Exercise materials →
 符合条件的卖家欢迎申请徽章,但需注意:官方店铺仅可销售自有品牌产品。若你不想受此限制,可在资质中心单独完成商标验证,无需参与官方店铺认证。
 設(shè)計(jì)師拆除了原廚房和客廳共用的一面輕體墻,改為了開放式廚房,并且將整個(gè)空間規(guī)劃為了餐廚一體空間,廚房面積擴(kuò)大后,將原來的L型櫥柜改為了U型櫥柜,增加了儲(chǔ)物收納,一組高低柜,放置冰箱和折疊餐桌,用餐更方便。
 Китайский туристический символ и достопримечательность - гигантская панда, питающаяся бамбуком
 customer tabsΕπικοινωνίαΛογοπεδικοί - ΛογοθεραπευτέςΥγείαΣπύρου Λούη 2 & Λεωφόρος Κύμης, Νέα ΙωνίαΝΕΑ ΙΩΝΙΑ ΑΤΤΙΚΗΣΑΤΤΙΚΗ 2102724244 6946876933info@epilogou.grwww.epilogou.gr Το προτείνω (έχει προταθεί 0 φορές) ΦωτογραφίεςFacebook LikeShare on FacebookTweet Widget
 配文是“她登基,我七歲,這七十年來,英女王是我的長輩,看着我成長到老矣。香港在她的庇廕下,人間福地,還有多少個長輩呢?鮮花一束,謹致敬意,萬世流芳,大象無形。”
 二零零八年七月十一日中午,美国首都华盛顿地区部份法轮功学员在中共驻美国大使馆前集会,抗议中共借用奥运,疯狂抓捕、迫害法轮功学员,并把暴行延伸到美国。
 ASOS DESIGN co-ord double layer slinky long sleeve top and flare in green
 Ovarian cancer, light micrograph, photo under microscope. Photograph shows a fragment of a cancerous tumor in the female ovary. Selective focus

Task statement →
All lines from the line holding "Китайский туристический символ" through the end of the records above need to be transcribed exactly, and no other text should appear.

Response →
 Китайский туристический символ и достопримечательность - гигантская панда, питающаяся бамбуком
 customer tabsΕπικοινωνίαΛογοπεδικοί - ΛογοθεραπευτέςΥγείαΣπύρου Λούη 2 & Λεωφόρος Κύμης, Νέα ΙωνίαΝΕΑ ΙΩΝΙΑ ΑΤΤΙΚΗΣΑΤΤΙΚΗ 2102724244 6946876933info@epilogou.grwww.epilogou.gr Το προτείνω (έχει προταθεί 0 φορές) ΦωτογραφίεςFacebook LikeShare on FacebookTweet Widget
 配文是“她登基,我七歲,這七十年來,英女王是我的長輩,看着我成長到老矣。香港在她的庇廕下,人間福地,還有多少個長輩呢?鮮花一束,謹致敬意,萬世流芳,大象無形。”
 二零零八年七月十一日中午,美国首都华盛顿地区部份法轮功学员在中共驻美国大使馆前集会,抗议中共借用奥运,疯狂抓捕、迫害法轮功学员,并把暴行延伸到美国。
 ASOS DESIGN co-ord double layer slinky long sleeve top and flare in green
 Ovarian cancer, light micrograph, photo under microscope. Photograph shows a fragment of a cancerous tumor in the female ovary. Selective focus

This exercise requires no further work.